Albin Albus sass nach dem Abendessen in seinem Arbeitszimmer. Er hatte es sich in einem weitausladenden Klubsessel neben dem Rauchtischchen bequem gemacht, und während er eine besonders gute Zigarette zwischen den Lippen hielt, sann er über Karola Michael, Günter und sich selbst nach.
Was Günter zu ihm mit dem Blick und dem Tonfall eines Fanatikers geäussert, setzte ihm gehörig zu; es bewies ihm, die Liebe seines Bruders zu Karola war nicht von der Art, die um der Liebe selbst willen grosse Opfer bringt. Für die Sicherheit, berühmt zu werden, gäbe Günter seine Liebe her.
Auf dem Rauchtisch stand ein Tablett, darauf lagen mehrere Briefe, die heutige Abendpost.

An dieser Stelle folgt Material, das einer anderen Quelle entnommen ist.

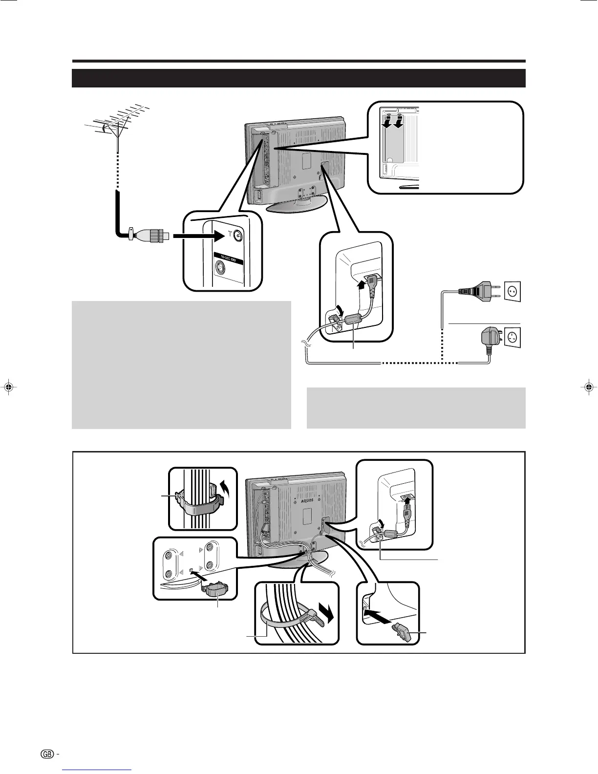 • This TV should be mounted on the wall only with the wall mount bracket available from SHARP. (See page 35.) The

Alle Briefe wurden unten im Geschäft abgegeben, und Emil Krettke sonderte davon die privaten ab und legte sie auf das Tablett. Auch Briefe an Günter gelangten auf diese Weise zuerst in Albins Hände.
Nun waren Albin in letzter Zeit mehrmals an Günter gerichtete Briefe aufgefallen, weil die Umschläge aus grellem Grün, von länglichem, sehr grossem Format waren. Ein breiter Silberstreifen betonte ausserdem sehr nachdrücklich die Linie, wo sich der Umschlag schloss. Albin fand diese Briefe auffallend und unfein, und wenn er sie auch bis jetzt stets gleichgültig in Günters Zimmer gelegt, quälte ihn heute, angesichts eines neuen solchen Briefes, die Frage, wer die Absenderin sein mochte.
Diese Briefe konnten nur von einer Frau stammen. Einem Mann fiele sicher nicht ein, derartiges Papier zu benützen. Übrigens handelte es sich um eine unverkennbar weibliche Handschrift ohne besondere Eigenart.
Ob es Liebesbriefe waren, für die man die Farbe der Hoffnung etwas zu knallig grün gewählt hatte?
Aber Günter hatte Karola im Arm gehalten und sie geküsst, und wer eine Karola Michael küssen darf, macht ihr zuliebe — falls er noch irgendwie im Netz einer älteren Liebesgeschichte festhängt — bestimmt damit Schluss.
Die Versuchung trat dicht an Albin Albus heran und flüsterte ihm zu: Es sind letzthin schon so häufig Briefe von dieser Farbe mit dem Silberstreifen und der dünnen Schrift gekommen, was liegt also an einem grünen Brief mehr oder weniger? Öffne diesen letzten Brief, und Du bist im Bilde, weisst Bescheid!